It may get worse before it gets better for the US economy. GDP is expected to expand 2.0% (real seasonally adjusted annual rate) in the first three months of 2014, according to The Capital Spectator’s median nowcast. The revised estimate is below the previous 2.4% nowcast for Q1:2014 that was published on February 25.

Winter, it seems, is still squeezing the economy in terms of crunching the numbers for estimating the trend in the recent past. Or is there something darker lurking in the shadows? It’s hard to say for sure at this point, although most economists are still projecting a stronger run of growth in the spring and beyond. Harsh weather conditions cut nearly one half of one percentage point from first-quarter real GDP growth, according to the National Association of Business Economics (NABE). In a new survey of economists released yesterday, NABE said GDP will advance by just 1.9% in Q1 before growth picks up to 3.0% by the end of the year. “Conditions in a variety of areas—including labor, consumer, and housing markets—are expected to improve over the next two years, while inflation remains tame,” advised NABE President Jack Kleinhenz.

Maybe, but first the crowd has to deal with the softer numbers that are expected for this quarter. The Capital Spectator’s current 2.0% nowcast for Q1 GDP is in line with a number of estimates, including the projection of 1.9% growth for the quarter via The Wall Street Journal’s recently published March survey of economists. The official number–the “advance” estimate for Q1 GDP from the US Bureau of Economic Analysis (BEA)–is scheduled for release at the end of next month, April 30.

Meantime, the government will publish a revision of Q4:2013 GDP on Thursday (Mar. 27) and the consensus forecast (according to Briefing.com) calls for a slightly higher rate of growth: 2.6% vs. BEA’s current 2.4% estimate.

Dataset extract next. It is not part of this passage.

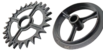
15" & 18" sprocket/plane

5-year Warranty on all ductile iron wheels

As for this year’s first quarter numbers, here’s how The Capital Spectator’s revised Q1 nowcast compares with recent history and several forecasts from other sources:

Next, let’s review the individual nowcasts that are used to calculate the median estimate:

Here’s how the Q1:2014 nowcast updates compare so far:

Finally, here’s a brief profile for each of The Capital Spectator’s GDP nowcast methodologies:

R-4: This estimate is based on a multiple regression in R of historical GDP data vs. quarterly changes for four key economic indicators: real personal consumption expenditures (or real retail sales for the current month until the PCE report is published), real personal income less government transfers, industrial production, and private non-farm payrolls. The model estimates the statistical relationships from the early 1970s to the present. The estimates are revised as new data is published.

R-10: This model also uses a multiple regression framework based on numbers dating to the early 1970s and updates the estimates as new data arrives. The methodology is identical to the 4-factor model above, except that R-10 uses additional factors—10 in all—to nowcast GDP. In addition to the data quartet in the 4-factor model, the 10-factor nowcast also incorporates the following six series: ISM Manufacturing PMI Composite Index, housing starts, initial jobless claims, the stock market (S&P 500), crude oil prices (spot price for West Texas Intermediate), and the Treasury yield curve spread (10-year Note less 3-month T-bill).

ARIMA GDP: The econometric engine for this nowcast is known as an autoregressive integrated moving average. This ARIMA model uses GDP’s history, dating from the early 1970s to the present, for anticipating the target quarter’s change. As the historical GDP data is revised, so too is the nowcast, which is calculated in R via the “forecast” package, which optimizes the parameters based on the data set’s historical record.

ARIMA R-4: This model combines ARIMA estimates with regression analysis to project GDP data. The ARIMA R-4 model analyzes four historical data sets: real personal consumption expenditures, real personal income less government transfers, industrial production, and private non-farm payrolls. This model uses the historical relationships between those indicators and GDP for projections by filling in the missing data points in the current quarter with ARIMA estimates. As the indicators are updated, actual data replaces the ARIMA estimates and the nowcast is recalculated.

VAR 4: This vector autoregression model uses four data series in search of interdependent relationships for estimating GDP. The historical data sets in the R-4 and ARIMA R-4 models noted above are also used in VAR-4, albeit with a different econometric engine. As new data is published, so too is the VAR-4 nowcast. The data sets range from the early 1970s to the present, using the “vars” package in R to crunch the numbers.

ARIMA R-NIPA: The model uses an autoregressive integrated moving average to estimate future values of GDP based on the datasets of four primary categories of the national income and product accounts (NIPA): personal consumption expenditures, gross private domestic investment, net exports of goods and services, and government consumption expenditures and gross investment. The model uses historical data from the early 1970s to the present for anticipating the target quarter’s change. As the historical numbers are revised, so too is the estimate, which is calculated in R via the “forecast” package, which optimizes the parameters based on the data set’s historical record.